Methods: This was a single-center, retrospective analysis. Adult patients admitted to the intensive care unit (ICU) from January 2023 through July 2023 were included if they received ≥2 doses of either olanzapine or quetiapine within a 48-hour period and had one QTc evaluated within 48 hours of antipsychotic initiation. The major endpoint was a composite of the incidence of QTc prolongation (defined as QTc > 500 ms or QTc > 60 ms above baseline) following antipsychotic initiation. Univariable and multivariable analyses were performed to identify risk factors for QTc prolongation.

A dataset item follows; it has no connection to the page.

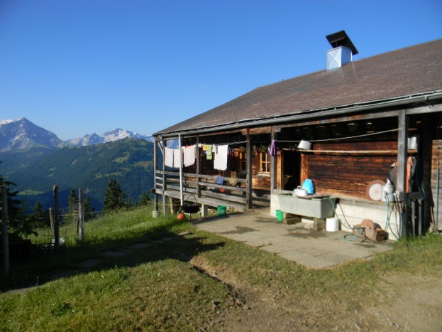 Die Almhütte, erbaut schätzungsweise vor 1850, beherbergt unter einem Dach den größeren Kuhstall, einen Schweinestall, die Küche mit Ess-/Arbeitstisch und großer Feuerstelle für das Käsen und Kochen. Dazu einen natürlichen Käsekeller, der auch im heißen Sommer eine Temperatur von maximal 15-16 Grad garantiert, einen Vorratsraum, die „Stube“ (das Schlafzimmer des Ehepaars) und, über Stall und Küche mit Falltür und Leiter erreichbar, mein gemütliches Gästezimmer und ein weiterer Schlafraum für die Töchter. Fließendes kaltes Wasser kommt von weiter oben vom Berg, Körperpflege erfolgt meist draußen am Trog mit Schüssel und Waschlappen, das WC ebenfalls draußen als einfaches, aber sehr sauberes Plumpsklo. Strom gibt es dann, wenn der Generator in der Zeit vom Melken angeworfen wird – eine Batterie wird aufgeladen, die abends für ein paar Stunden Licht reicht (und für das Aufladen der neumodernen Geräte der auswärtigen Helfer oder der Töchter – diese eine Steckdose erscheint für manche wie ein potentielles „Guckloch“ in die gewohnte technisierte Welt).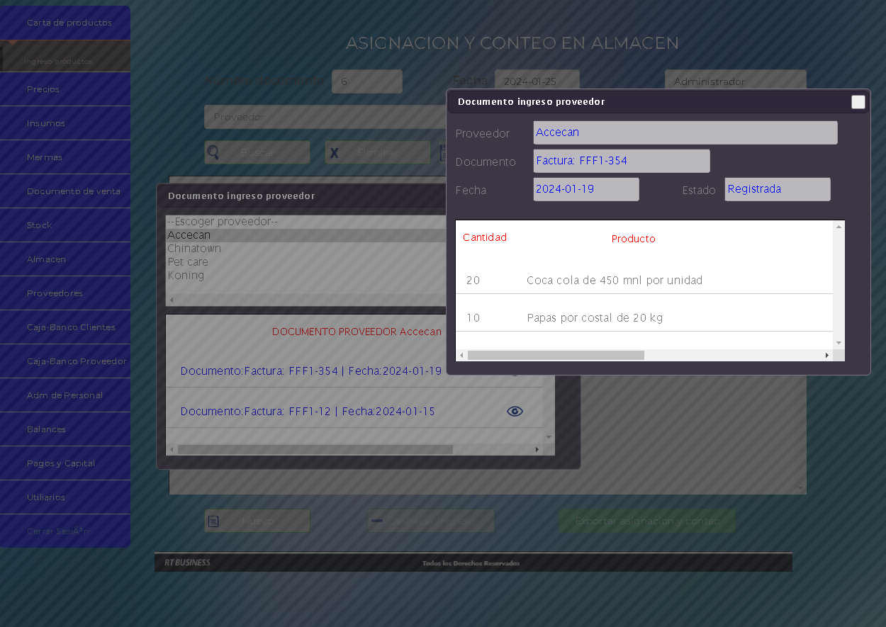 En este módulo usted contará los productos e insumos que han sido adquirido a los proveedores y luego de contados y asignados se procederá a su distribución.

Results: There was no statistical difference in the major composite endpoint between patients in the olanzapine and quetiapine groups (8/83 [9.6%] vs 19/129 [14.7%]; P = .28). The incidence of QTc > 500 ms (7/244 [2.9%] vs 20/427 [4.7%]; P = .25) and change from baseline >60 ms (5/244 [2.0%] vs 17/427 [4.0%]; P = .26) were not statistically different between the olanzapine and quetiapine groups, respectively. There were no occurrences of Torsades de Pointes or extrapyramidal symptoms in either group.
Conclusion and relevance: The results of this study suggest olanzapine and quetiapine may have similar impact on QTc prolongation in critically ill patients. These findings could contribute to safer prescribing practices in the ICU.